• Martin Wood, Editor in Chief

Not enough credit is given to the people who help make us successful in life. I’m talking about the teachers, the coaches, the friends, the family members, and everyone who gives so willingly of their time, and asks for nothing in return but the opportunity to do it again and better.

There are also folks that we employ to work with us, and help us find success. Our healthcare team is a key group of people in this category, who care about us while also putting their years of education and experience to use to guide us toward favorable health outcomes.

Life is easier when we’re not alone, when we have someone to talk to, and work through challenges with. Diabetes can be a very lonely disease, leaving us to spend a lot of time in our own heads, with our own thoughts of what we are doing right and wrong, what we could or should be doing better, and whether or not we are holding up our end of the bargain with our partners, and living in fear of how they will react if we don’t.

We shouldn’t fear including others in our lives with diabetes. Our healthcare providers, friends, coworkers, and loved ones should be the people we can trust the most with our diabetes. These are people who sincerely want to help, and we rarely let them in on the secrets about how they can do that in a way that works for us. This issue of The PLAID Journal features a Moving Forward piece called “Talking Points,” and is an excellent guide to how the people who support us can learn, listen, and lean in to help.

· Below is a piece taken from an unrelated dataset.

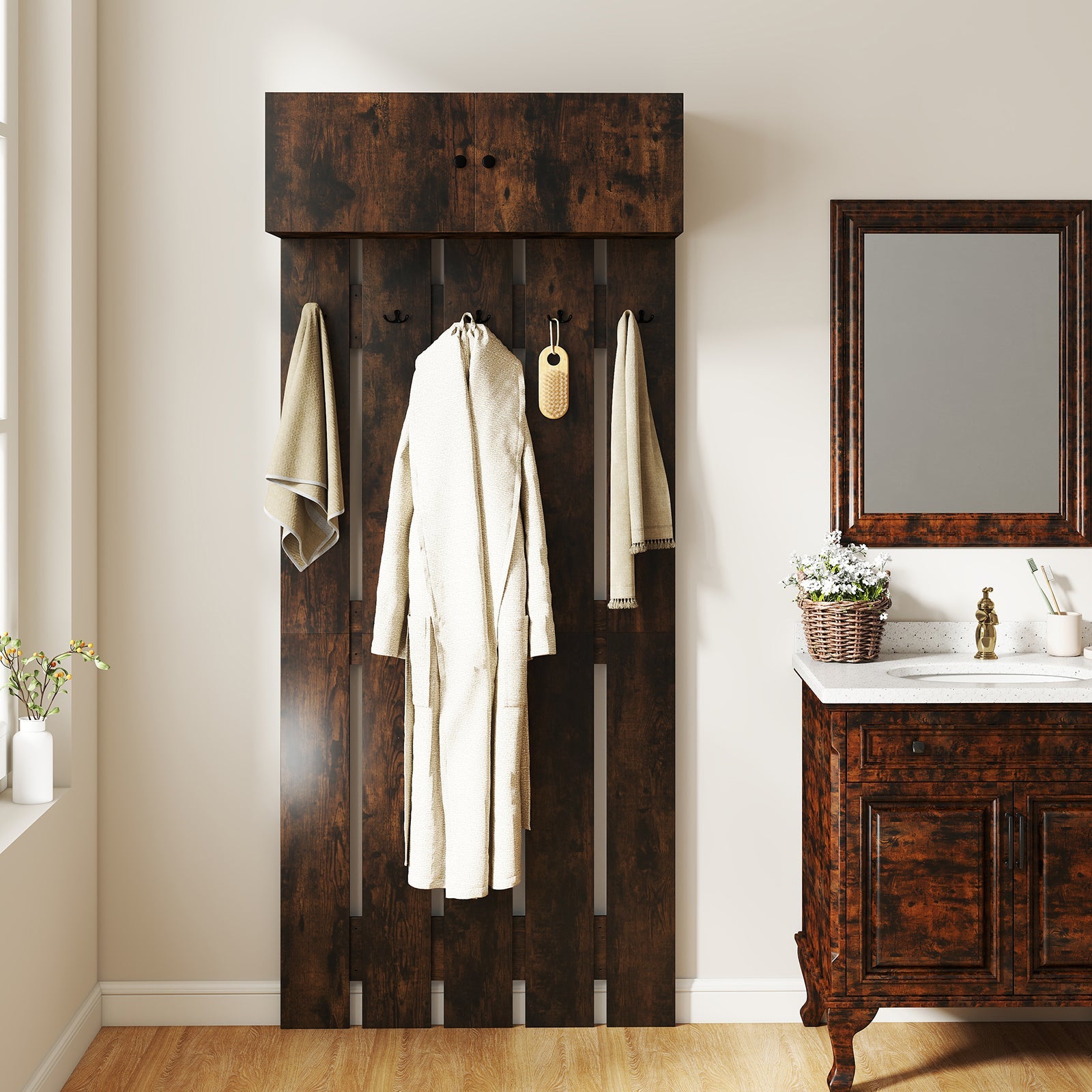 Entryway Wall Mounted Coat Rack Coat Rack with 5 Double Hooks and 2-Door Cabinet-Coffee

As we all know, there are no trophies for living well with diabetes. The closest we get to a prize is a stamp of “compliant” on our electronic health record, and the opportunity to do it again tomorrow. In regards to changing the way we classify our diabetes performance, we have an Audience Perspective this issue called “Leading the Struggle to Thrive” that proposes a shift in the way we talk about diabetes in the healthcare setting. Talking about diabetes is important, but we need to make sure we’re talking about it in the proper tones, with respect to the work that living well with diabetes requires.

Our partners are even included in how we are thinking about new diabetes technologies that are quickly coming to market. One of our Research articles this issue called “Partner Perspectives On Closed Loop Systems” explores how the people we share our lives with feel about new technologies in living with diabetes, and the potential that these technologies have to reduce the frightening possibility of hypoglycemia.

Evident throughout this issue of PLAID is that people love each other, and they care. People have hope. The things we are able to accomplish together give us hope. The opportunity to return the support, and achieve bigger things as a team gives us hope. Standing up to adversity, winning in both the short and long terms, and changing the world around us gives us hope.

Hope defines our life with diabetes. We hope for a cure. We hope for better technologies that make living with diabetes easier. We hope for more effective medications that reduce the physiological burden of diabetes. We hope we don’t ever get complications from living with this progressive disease. We hope we don’t ever have to ask for help. We hope our health insurance covers us when we do need help. We hope the people that we love and care about with diabetes don’t ever need our help, and that we’ll be prepared if they ever do.

If there is one thing that I wish every person newly diagnosed with diabetes could understand from day one, it is that diabetes can open so many more doors than it can shut. Human beings need each other, and have since we first began drawing on cave walls in an attempt to communicate about the world around us. Hidden within the curse of diabetes is a gift of hope that gives us an opportunity to bond closer with other people, to help each other, and to help ourselves.

In an uncertain world, where the rules are constantly changing, the one thing we can rely on is hope for something better. As American Jewish educator and journalist Morris Mandel said, “Even the darkest hour only has 60 minutes.” As our healthcare laws change, and our diabetes technologies improve, we as a community of partners must continue to advocate for those things that can yield more favorable outcomes. We must advocate for ourselves, but most importantly, we must advocate for each other. Even when the work is hard, even when we’re uncertain of success, we must push through to get what we need for ourselves and for the greater good.

Everything changes, sometimes for the better, and sometimes for the worse. But change is a temporary state. Whether for our own lives with diabetes or for the people we care about most in this world, we must confront difficult moments of change with hope, with courage, with dignity, and with resolve, and demand opportunities to achieve success again and again… and better.